Translational Autoinflammatory Diseases Section, NIH, Bethesda, Maryland.
Bone Marrow Transplantation and Immune Deficiency, Cincinnati Children's Hospital Medical Center and University of Cincinnati, Cincinnati, Ohio, and Hematology/Oncology, University of Western Ontario Schulich School of Medicine & Dentistry, London, Ontario, Canada.
Arthritis Rheumatol. 2023 Oct;75(10):1714-1732. doi: 10.1002/art.42636. Epub 2023 Jul 24.

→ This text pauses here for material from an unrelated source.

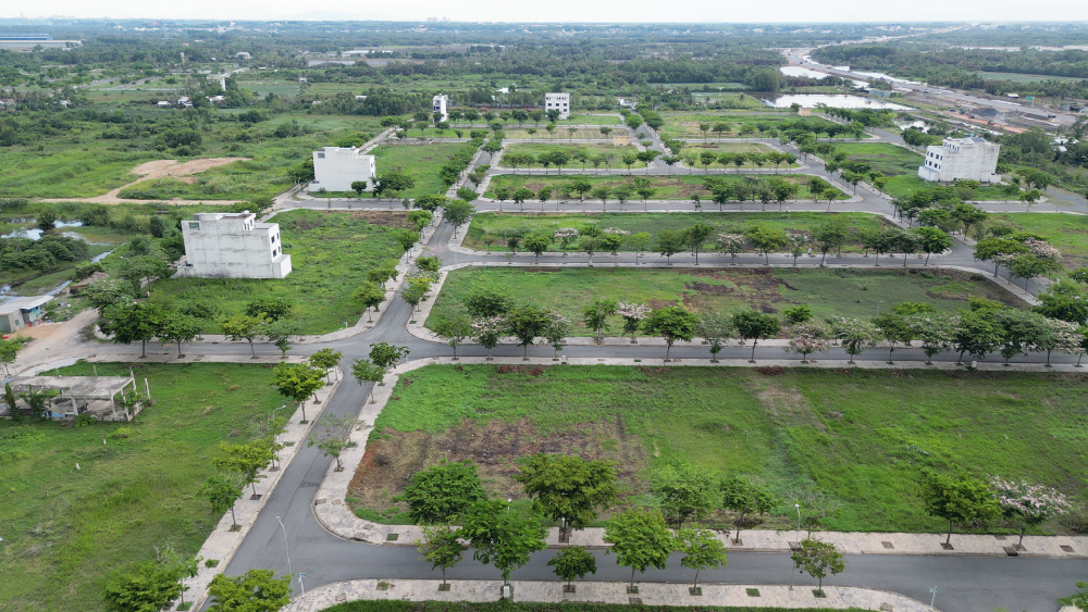Phần lớn diện tích của dự án King Bay hiện vẫn là những khu đất trống rộng lớn, được san lấp bằng phẳng nhưng chưa có công trình xây dựng đáng kể. Từ trên cao, có thể thấy những ô đất được phân lô rõ ràng, bao quanh bởi hệ thống đường nội khu đã hoàn thiện, song phần nhiều vẫn phủ một màu xanh của cỏ dại và cây bụi mọc tự nhiên.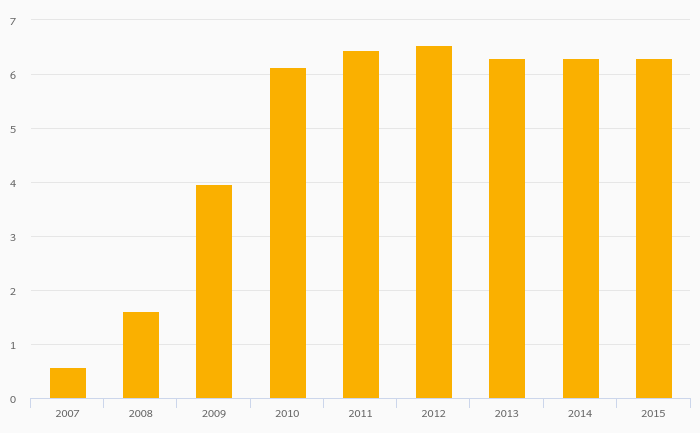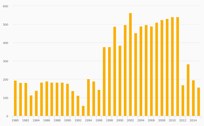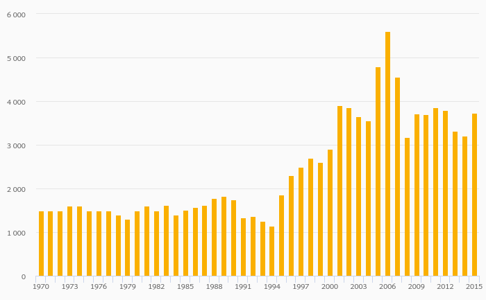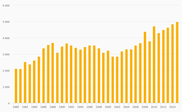 Cadmium Production fell 0.797% to 5,600 tonnes in South Korea in 2015

Haemophagocytic lymphohistiocytosis (HLH) and macrophage activation syndrome (MAS) are life-threatening systemic hyperinflammatory syndromes that can develop in most inflammatory contexts. They can progress rapidly, and early identification and management are critical for preventing organ failure and mortality. This effort aimed to develop evidence-based and consensus-based points to consider to assist clinicians in optimising decision-making in the early stages of diagnosis, treatment and monitoring of HLH/MAS.
A multinational, multidisciplinary task force of physician experts, including adult and paediatric rheumatologists, haematologist/oncologists, immunologists, infectious disease specialists, intensivists, allied healthcare professionals and patients/parents, formulated relevant research questions and conducted a systematic literature review (SLR). Delphi methodology, informed by SLR results and questionnaires of experts, was used to generate statements aimed at assisting early decision-making and optimising the initial care of patients with HLH/MAS.
The task force developed 6 overarching statements and 24 specific points to consider relevant to early recognition of HLH/MAS, diagnostic approaches, initial management and monitoring of HLH/MAS. Major themes included the simultaneous need for prompt syndrome recognition, systematic evaluation of underlying contributors, early intervention targeting both hyperinflammation and likely contributors, careful monitoring for progression/complications and expert multidisciplinary assistance.
These 2022 EULAR/American College of Rheumatology points to consider provide up-to-date guidance, based on the best available published data and expert opinion. They are meant to help guide the initial evaluation, management and monitoring of patients with HLH/MAS in order to halt disease progression and prevent life-threatening immunopathology.
噬血细胞性淋巴组织细胞增生症(HLH)和巨噬细胞活化综合征(MAS)是危及生命的全身性炎症过度活跃综合征,可在大多数炎症环境中发展。它们可能迅速进展,早期识别和管理对于预防器官衰竭和死亡至关重要。本研究旨在制定基于循证和共识的考虑要点,以帮助临床医生在 HLH/MAS 的早期诊断、治疗和监测阶段优化决策。
一个由医生专家组成的多学科、多国家任务组,包括成人和儿科风湿病学家、血液科医生/肿瘤学家、免疫学家、传染病专家、重症监护专家、辅助医疗保健专业人员以及患者/家长,制定了相关的研究问题并进行了系统文献回顾(SLR)。Delphi 方法学,基于 SLR 结果和专家问卷,用于生成旨在协助早期决策和优化 HLH/MAS 患者初始护理的陈述。
工作组制定了 6 项总体陈述和 24 项具体考虑要点,这些要点与 HLH/MAS 的早期识别、诊断方法、初始管理和监测相关。主要主题包括同时需要迅速识别综合征、系统评估潜在诱因、针对炎症过度活跃和可能诱因的早期干预、仔细监测进展/并发症以及专家多学科协助。
这些 2022 年 EULAR/美国风湿病学会考虑要点提供了基于最佳现有发表数据和专家意见的最新指南。它们旨在帮助指导 HLH/MAS 患者的初始评估、管理和监测,以阻止疾病进展并预防危及生命的免疫病理学。